Sometimes, the Most Valuable Asset in a Divorce Is Your Pet

Not all families involve children. Even those that do may also include four-legged family members. Pets and companion animals often wind up overlooked in the early stages of a divorce. It can take someone a little bit of time to come around to the realization that a divorce will affect their "fur baby" as well as their children and finances.

For many people, especially those without children, possession of a pet after a divorce can quickly become a very contentious issue. If you feel worried about how you and your spouse will address your pets in your divorce, educating yourself about Colorado's approach to animals in a divorce can help.

Colorado courts view animals as property, not as people

While you know that your pet is a very important part of your family, legally speaking, your pet is a possession. Companion animals often have large emotional value to the people who raise and care for them. However, from the point of view of the court, it is a possession, not afforded the same rights and considerations as a person.

Unless your animal is a prize-winning show dog or a champion breeder, the financial value of your animal is probably relatively small. The courts will not assign an arbitrary value simply because both you and your spouse hold strong emotional attachments to the dog. Certain other factors, like the attachment of minor children and their living arrangements in a divorce, could affect how the courts handle your pet.
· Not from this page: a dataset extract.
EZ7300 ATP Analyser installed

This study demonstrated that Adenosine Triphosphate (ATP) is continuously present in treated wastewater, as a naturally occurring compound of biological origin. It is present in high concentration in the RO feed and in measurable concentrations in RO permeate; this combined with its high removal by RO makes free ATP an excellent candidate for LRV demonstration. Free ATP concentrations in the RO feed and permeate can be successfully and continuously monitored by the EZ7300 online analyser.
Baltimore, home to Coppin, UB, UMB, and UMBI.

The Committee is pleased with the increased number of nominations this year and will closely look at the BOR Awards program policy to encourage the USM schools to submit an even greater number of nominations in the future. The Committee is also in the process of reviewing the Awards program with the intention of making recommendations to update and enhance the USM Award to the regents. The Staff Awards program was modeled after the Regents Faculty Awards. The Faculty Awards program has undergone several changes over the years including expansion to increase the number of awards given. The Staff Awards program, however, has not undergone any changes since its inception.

You may be able to negotiate for possession of the dog with your spouse prior to filing divorce. Most likely, you will have to offset maintaining ownership of the animal with some other valuable consideration. The courts will likely approach who keeps your pet in the same manner. In a best-case scenario, they may consider who spent more time with the animal or who can provide a better home. Most times, sadly, that level of concern for the animal will not occur in court.
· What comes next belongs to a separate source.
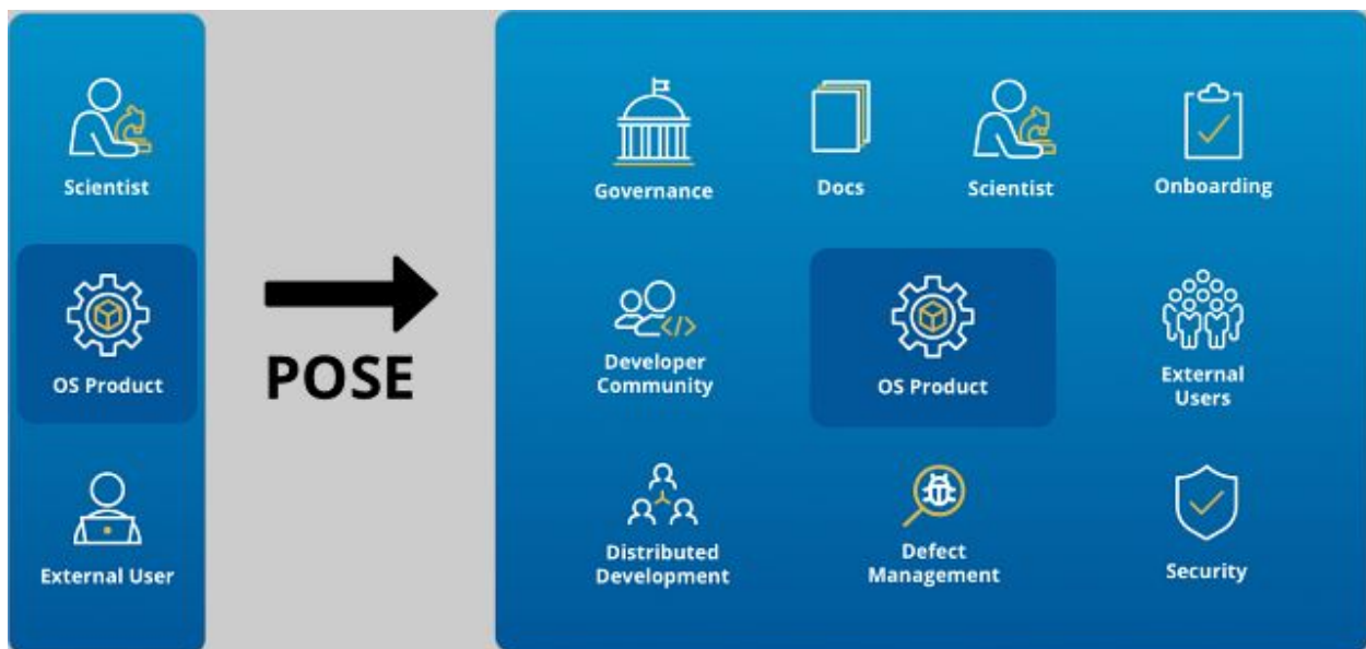
Figure 1. Transition from Open-source Product to Open-source Ecosystem

As shown in Figure 1, the transition from open-source product to OSE can be conceived as a continuum. At one end of this continuum is an early stage open-source artifact that, for example, may have been developed by a scientist for a specific use and has been adopted by a small number of users. At the other end is a fully developed OSE based on a robust open-source artifact, managed by an organization that: coordinates an external distributed developer community; interfaces with and supports a community of users; provides training and on-boarding to new developers and users; enables efficient continuous development, integration, and deployment of the open-source product; maintains an efficient supply chain; ensures security, privacy, and reliability of all aspects of the OSE operations; maintains appropriate organizational governance practices; and attracts resources for the long-term sustenance of the ecosystem. POSE aims to support this transition, assisting the evolution of an early stage open-source project to a fully operational OSE that can realize the potential societal impact nascent in the originating open-source artifact.

Is your pet marital property or separate property?

One of the most important factors that will determine how the courts handle your pet is when you obtained your pet and how you did so. Typically, anything you acquired during marriage belongs jointly to you and your spouse.
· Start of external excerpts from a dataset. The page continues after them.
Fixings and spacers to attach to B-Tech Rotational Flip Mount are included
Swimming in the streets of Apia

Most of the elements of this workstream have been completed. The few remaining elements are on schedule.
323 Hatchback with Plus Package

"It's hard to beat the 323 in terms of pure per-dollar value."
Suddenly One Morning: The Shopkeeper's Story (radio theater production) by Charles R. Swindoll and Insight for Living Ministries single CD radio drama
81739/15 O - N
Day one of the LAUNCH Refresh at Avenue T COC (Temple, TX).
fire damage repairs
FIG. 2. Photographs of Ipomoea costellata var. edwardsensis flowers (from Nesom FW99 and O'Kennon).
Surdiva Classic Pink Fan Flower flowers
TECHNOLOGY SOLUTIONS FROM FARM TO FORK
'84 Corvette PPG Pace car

Exceptions to this rule include when something you own was a gift or part of an inheritance. If a friend gave you your pet, you may be able to claim your pet as separate property. The same may also be true if you inherited your pet from a deceased loved one. Similarly, if either spouse owned the animal prior to marriage, that may make the animal separate property.

However, if both spouses contributed to the maintenance and care of that animal during the marriage, including by walking the dog, cleaning the cat litter or paying veterinary bills, that could make the courts consider your pet marital property, even if it would otherwise be separate property.

Unless you have an ironclad case for your pet being separate property, chances are strong that the courts will view it as marital property. You should prepare yourself for the possibility that your spouse will receive the pet, not you, and decide now how much you are willing to compromise to secure possession of your pet in a divorce.